Source data:
_ _ _ _

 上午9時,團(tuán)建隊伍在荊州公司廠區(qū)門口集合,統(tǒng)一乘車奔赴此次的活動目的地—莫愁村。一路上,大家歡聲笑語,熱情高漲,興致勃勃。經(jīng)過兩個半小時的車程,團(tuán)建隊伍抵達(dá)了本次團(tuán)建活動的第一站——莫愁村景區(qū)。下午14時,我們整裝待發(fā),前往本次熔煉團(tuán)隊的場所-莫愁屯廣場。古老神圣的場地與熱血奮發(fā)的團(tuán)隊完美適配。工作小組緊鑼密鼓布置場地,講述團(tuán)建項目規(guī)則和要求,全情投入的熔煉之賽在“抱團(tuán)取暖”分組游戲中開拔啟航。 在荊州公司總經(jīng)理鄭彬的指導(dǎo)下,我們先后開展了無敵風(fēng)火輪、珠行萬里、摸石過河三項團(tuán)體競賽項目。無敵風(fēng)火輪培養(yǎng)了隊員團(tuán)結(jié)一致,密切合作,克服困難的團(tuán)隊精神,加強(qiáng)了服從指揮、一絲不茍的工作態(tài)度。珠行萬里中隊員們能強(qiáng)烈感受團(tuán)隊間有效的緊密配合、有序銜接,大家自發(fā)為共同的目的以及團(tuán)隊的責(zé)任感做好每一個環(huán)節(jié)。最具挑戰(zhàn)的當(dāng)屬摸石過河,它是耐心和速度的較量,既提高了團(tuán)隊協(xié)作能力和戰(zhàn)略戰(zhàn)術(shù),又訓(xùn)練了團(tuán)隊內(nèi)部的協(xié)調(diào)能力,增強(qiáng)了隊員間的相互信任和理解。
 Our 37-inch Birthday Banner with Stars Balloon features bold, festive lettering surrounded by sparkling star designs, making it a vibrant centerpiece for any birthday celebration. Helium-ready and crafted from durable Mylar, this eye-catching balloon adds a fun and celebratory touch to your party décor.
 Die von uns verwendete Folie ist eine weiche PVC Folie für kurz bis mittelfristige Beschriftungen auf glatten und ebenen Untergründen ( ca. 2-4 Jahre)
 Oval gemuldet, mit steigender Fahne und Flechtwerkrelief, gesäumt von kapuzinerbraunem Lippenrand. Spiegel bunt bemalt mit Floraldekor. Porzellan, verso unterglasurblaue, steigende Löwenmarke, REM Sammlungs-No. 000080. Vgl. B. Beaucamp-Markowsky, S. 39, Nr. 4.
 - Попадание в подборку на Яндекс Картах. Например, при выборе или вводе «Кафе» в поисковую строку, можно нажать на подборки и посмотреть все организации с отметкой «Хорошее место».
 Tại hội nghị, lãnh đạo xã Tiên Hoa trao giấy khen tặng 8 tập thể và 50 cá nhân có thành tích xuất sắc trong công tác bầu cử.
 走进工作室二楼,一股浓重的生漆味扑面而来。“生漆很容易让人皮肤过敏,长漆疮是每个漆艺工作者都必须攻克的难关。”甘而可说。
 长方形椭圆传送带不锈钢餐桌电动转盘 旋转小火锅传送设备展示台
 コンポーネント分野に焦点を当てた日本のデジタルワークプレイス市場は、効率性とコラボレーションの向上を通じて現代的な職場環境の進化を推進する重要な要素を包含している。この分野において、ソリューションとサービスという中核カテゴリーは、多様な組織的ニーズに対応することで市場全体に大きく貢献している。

_ _ _ _

• **TASK**
Copy, word for word, the line that contains "- Попадание в" and every line after it through the end of the records, and nothing else.

• **EXPECTED ANSWER**
 - Попадание в подборку на Яндекс Картах. Например, при выборе или вводе «Кафе» в поисковую строку, можно нажать на подборки и посмотреть все организации с отметкой «Хорошее место».
 Tại hội nghị, lãnh đạo xã Tiên Hoa trao giấy khen tặng 8 tập thể và 50 cá nhân có thành tích xuất sắc trong công tác bầu cử.
 走进工作室二楼,一股浓重的生漆味扑面而来。“生漆很容易让人皮肤过敏,长漆疮是每个漆艺工作者都必须攻克的难关。”甘而可说。
 长方形椭圆传送带不锈钢餐桌电动转盘 旋转小火锅传送设备展示台
 コンポーネント分野に焦点を当てた日本のデジタルワークプレイス市場は、効率性とコラボレーションの向上を通じて現代的な職場環境の進化を推進する重要な要素を包含している。この分野において、ソリューションとサービスという中核カテゴリーは、多様な組織的ニーズに対応することで市場全体に大きく貢献している。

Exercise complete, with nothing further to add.